What might stop it from going ahead? There are really two main things. First, it may not be economically viable, or alternative sources of the needed metals may emerge. Second, the environmental impacts may be deemed unacceptable. There are also growing questions about cultural heritage that we’ll need to listen carefully to.
On the environmental side, our Strategic Environmental Assessment provides some encouragement, but there’s still a lot more to learn. On the economic side, the value in the nodules is high — they’re quite valuable per tonne — but turning that into something financially and technically sustainable is up to the license holders to demonstrate. They’re investing, which suggests they feel they have a reasonable chance of making it work.
Mahlet Mesfin: Last question — this is a very complicated topic and we’ve covered a lot of ground. I just want to give you an opportunity to reflect on one thing you want the audience to understand about seabed mining and the debates today.
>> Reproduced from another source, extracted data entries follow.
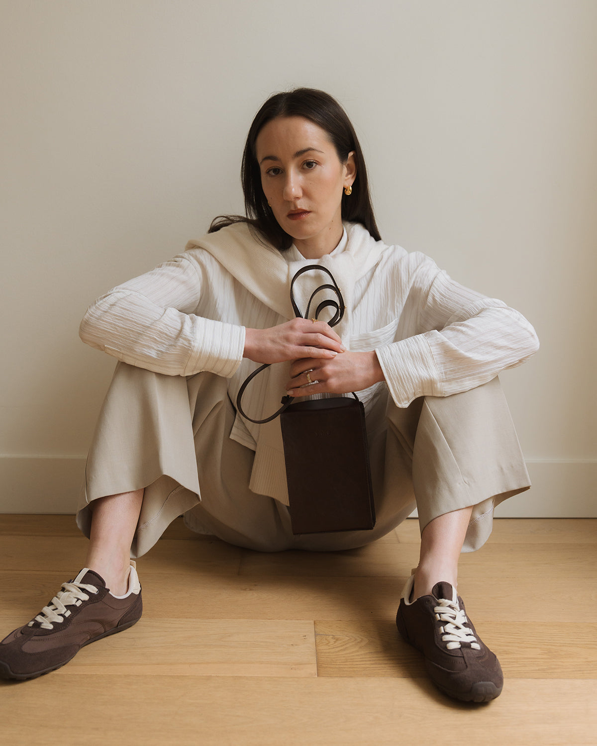 The ELENA Phone Bag in Espresso is a compact crossbody bag designed for moments when you want to carry only the essentials - your phone, keys, and wallet. With its boxy silhouette and clean, structured lines, ELENA feels architectural yet timeless: small in size, but confident in presence.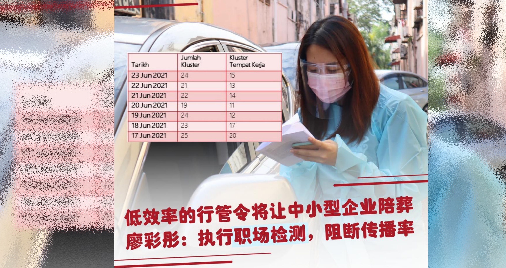 全国全面行动管制令已落实三个星期,但并没有快速降低病毒传染率,而不符合科学考量的标准作业条规,只会让中小型企业成为阻断职场感染群底下的代罪羔羊。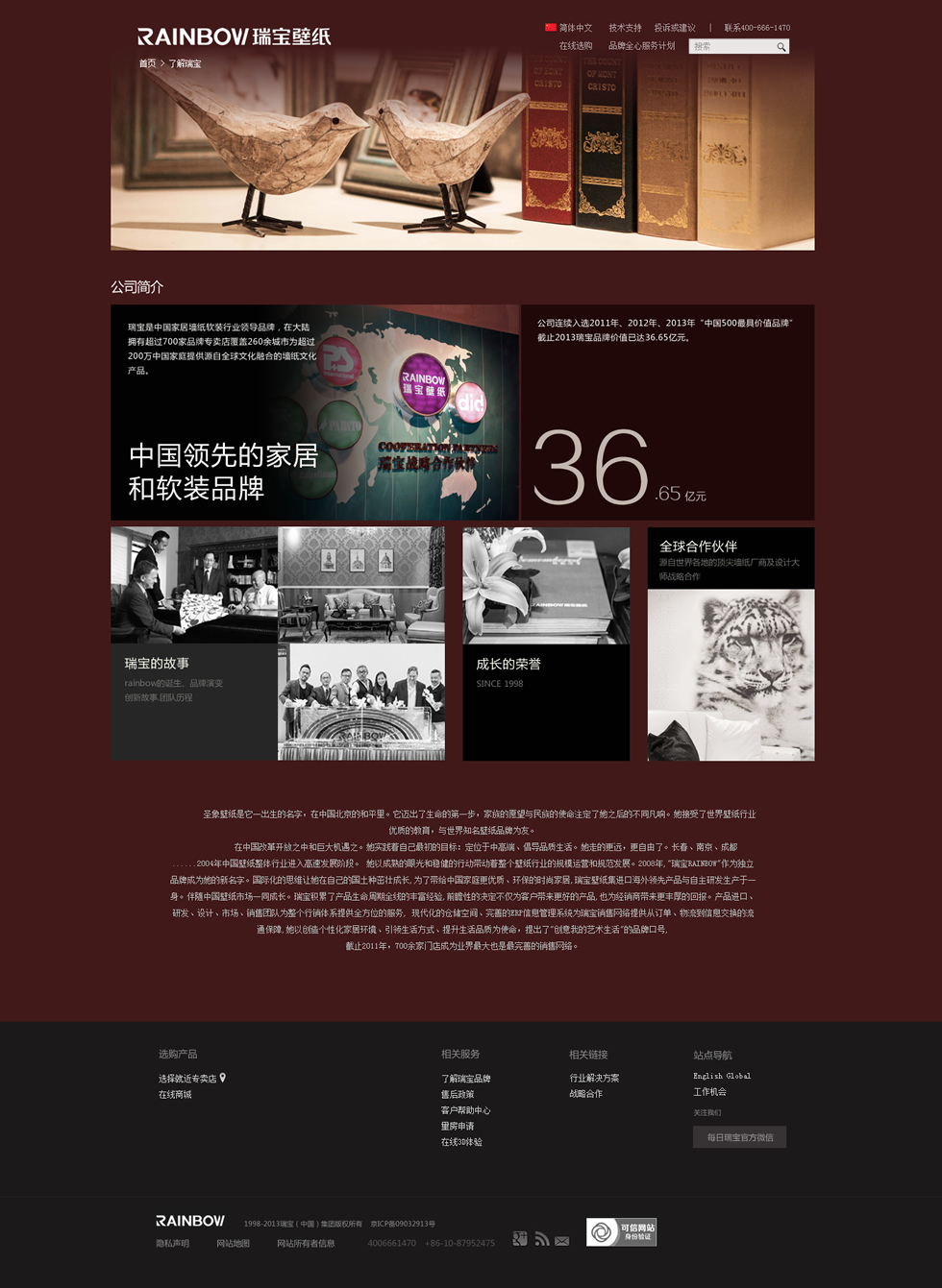项目介绍:瑞宝壁纸,是中国墙纸软装行业领导品牌、中国墙纸行业十大品牌之一,由原圣象集团创始人“王树民”先生于1998年创立。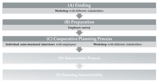 The research questions were answered by a mixed-methods design combining quantitative and qualitative data sources (see Figure 1). During (A) finding and (C) cooperative planning process, a qualitative research design was applied. The methods included workshops and individual semi-structured interviews with different stakeholders. A quantitative research design was applied during (B) preparation, and data were collected through an employee survey.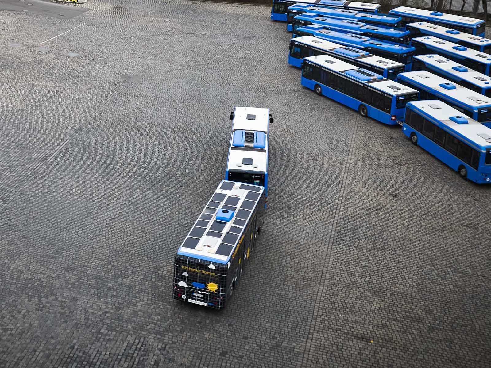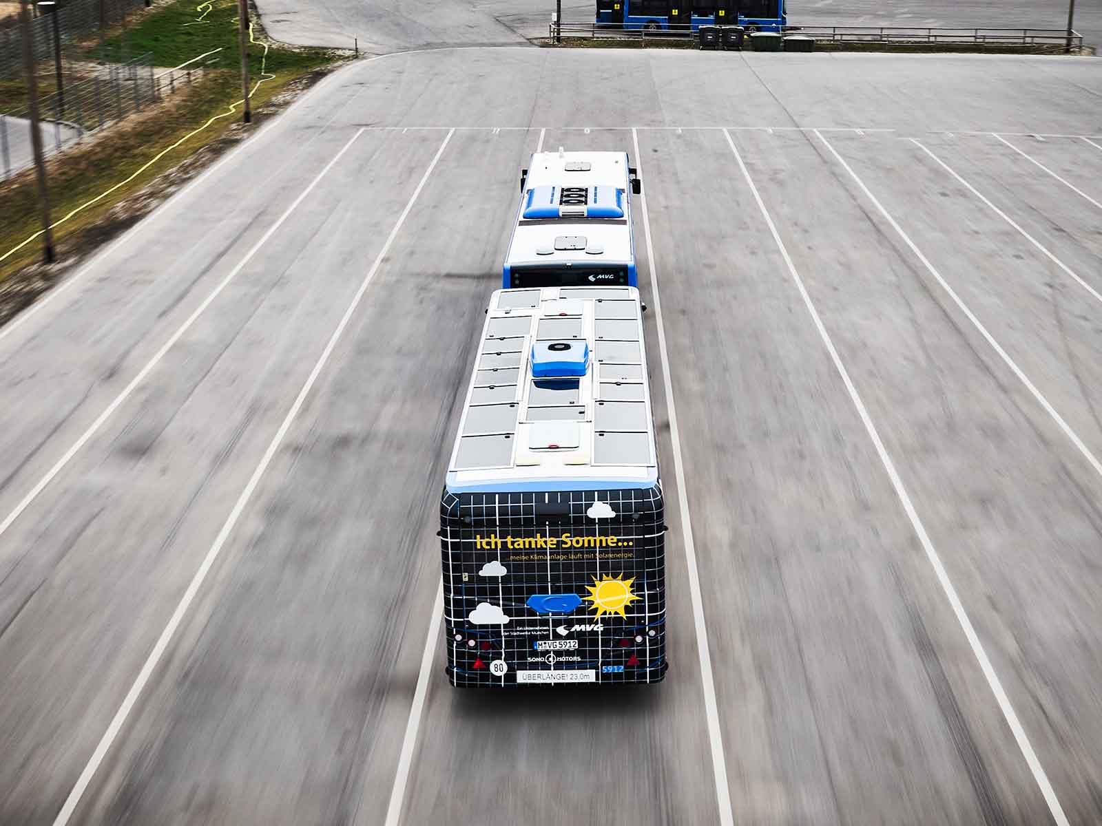 concetto di rimorchio per autobus solare personalizzato è stato sviluppato con l’azienda dei trasporti pubblici di Monaco MVG per sfruttare al meglio lo spazio e l’efficienza.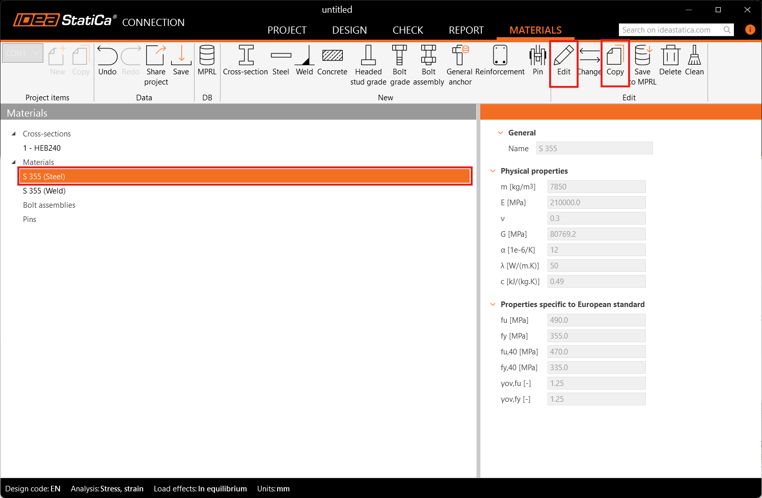 Les matériaux définis par l'utilisateur peuvent être enregistrés dans la bibliothèque MPRL, où ils sont disponibles pour une utilisation dans tous les projets futurs dans IDEA StatiCa Connection.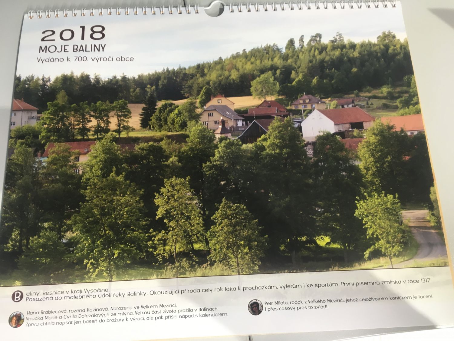 V sobotu 18. listopadu se v kulturním domě v Balinách uskutečnil křest nového kalendáře Moje Baliny 2018. Křest byl další akcí v řadě oslav významného výročí 700 let vzniku obce.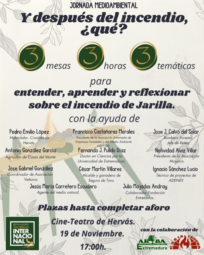 El municipio de Hervás se prepara para acoger una jornada medioambiental centrada en comprender, aprender y reflexionar sobre el incendio que afectó a Jarilla. El evento, organizado en colaboración con ARBA Extremadura y la Asociación de Municipios Forestales, tendrá lugar el martes 19 de noviembre a las 17:00 horas en el Cine-Teatro de Hervás.

Dr. John Parianos: It’s very easy to hear polarized views from people in this sector — both those who are for and those who are against. In government, we feel we’re somewhere in the middle. My background is industry, so I do appreciate where the companies are coming from. But my shareholders, as you might call them, are the people of the Cook Islands. My loyalty is to them. I want to make sure they’re as well-informed as possible for when that judgment call comes.
As a scientist, I’d like to see a structured approach to these sorts of things. So whether you’re for, against, or neutral — and a lot of people really are neutral — the idea is to have a structured approach so that there’s cause and effect, so that impacts are put into perspective and benefits are put into perspective. If that can be a key part of the dialogue going forward, rather than complete polarization and people making purely emotive decisions, I think that would be a good thing.
Our Prime Minister puts it very well. He says, “We will not be guided by fear.” He wants to get the knowledge, make the journey, and then make a decision based on that. I agree with that.
Mahlet Mesfin: Thank you so much. We are definitely on a journey on this topic, internationally and here in the United States. We really appreciate your insights and depth of knowledge as we probe into the questions at the heart of these debates.
Dr. John Parianos: It’s a pleasure to be here. Thank you very much.